Torpedoes are complicated and expensive mechanisms; each one costs about $8,000 and the average U-boat carried only from eight to twelve; it was therefore necessary to husband these precious weapons, to use them only when the chances most favoured success; the U-boat commander who wasted them in attempts to sink destroyers would probably have been court-martialled.
But while the submarine had practically no means of successfully fighting the destroyer, the destroyer had several ways of putting an end to the submarine. The advantage which really made the destroyer so dangerous, as already intimated, was its excessive speed. On the surface the U-boat made little more than fifteen miles an hour, and under the surface it made little more than seven or eight. If the destroyer once discovered its presence, therefore, it could reach its prey in an incredibly short time. It could attack with its guns, and, if conditions were favourable, it could ram; and this was no trifling accident, for a destroyer going at thirty or forty miles could cut a submarine nearly in two with its strong, razor-like bow. In the early days of the war these were the main methods upon which it relied to attack, but by the time that I had reached London, another and much more frightful weapon had been devised. This was the depth charge, a large can containing about three hundred pounds of TNT, which, if it exploded anywhere within one hundred feet of the submarine, would either destroy it entirely or so injure it that the victim usually had to come to the surface and surrender.
I once asked Admiral Jellicoe who was the real inventor of this annihilating missile.

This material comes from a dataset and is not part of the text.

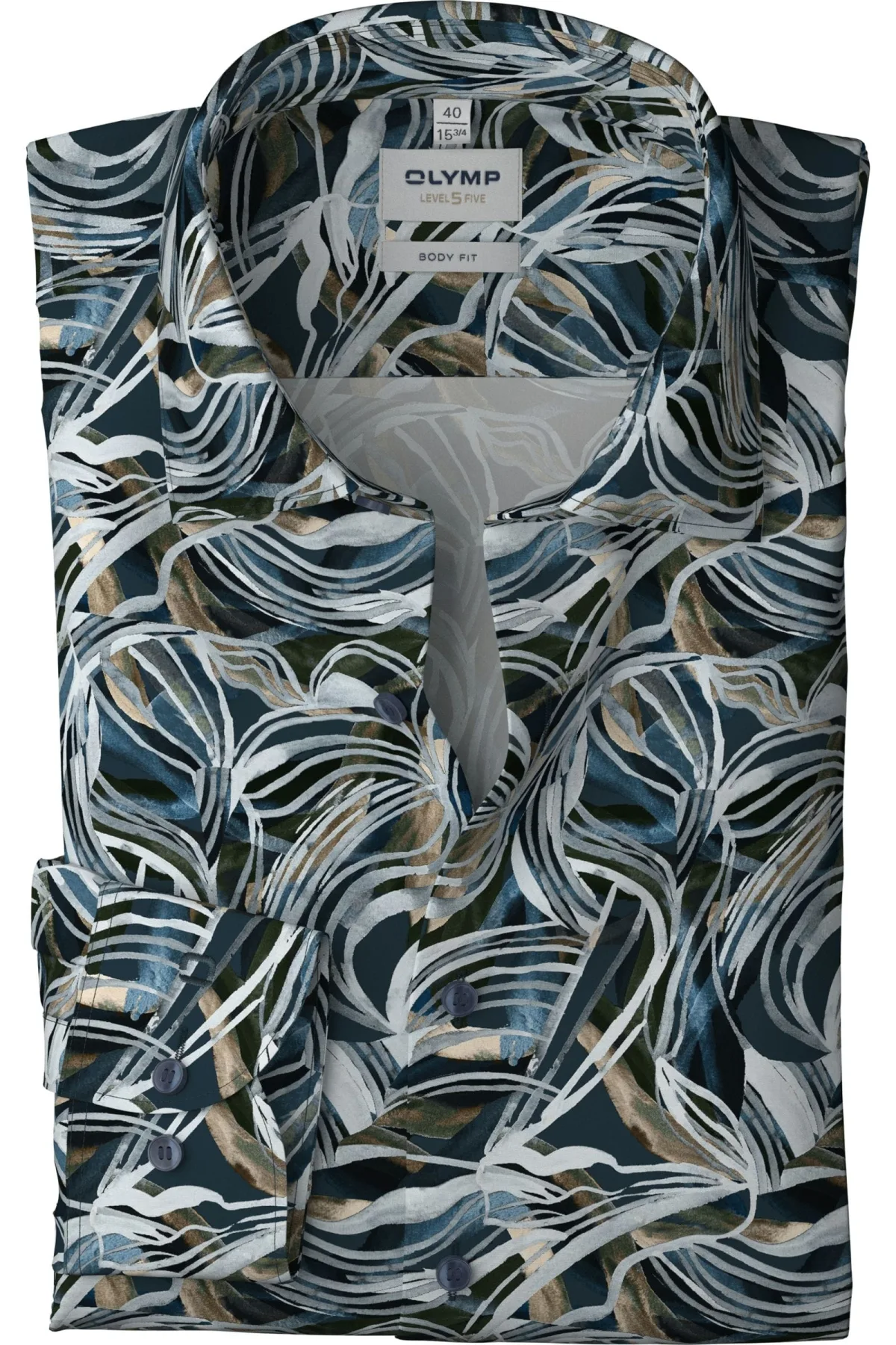 OLYMP Level Five Overhemd marine, Bedrukt Prijzen

"No man in particular," he said. "It came into existence almost spontaneously, in response to a pressing need. Gunfire can destroy submarines when they are on the surface, but you know it can accomplish nothing against them when they are submerged. This fact made it extremely difficult to sink them in the early days of the war. One day, when the Grand Fleet was cruising in the North Sea, a submarine fired a torpedo at one of the cruisers. The cruiser saw the periscope and the wake of the torpedo, and had little difficulty in so manœuvring as to avoid being struck. She then went full speed to the spot from which the submarine had fired its torpedo, in the hope of ramming it. But by the time she arrived the submarine had submerged so deeply that the cruiser passed over her without doing her any harm. Yet the officers and crew could see the submerged hull; there the enemy lay in full view of her pursuers, yet perfectly safe! The officers reported this incident to me in the presence of Admiral Madden, second in command.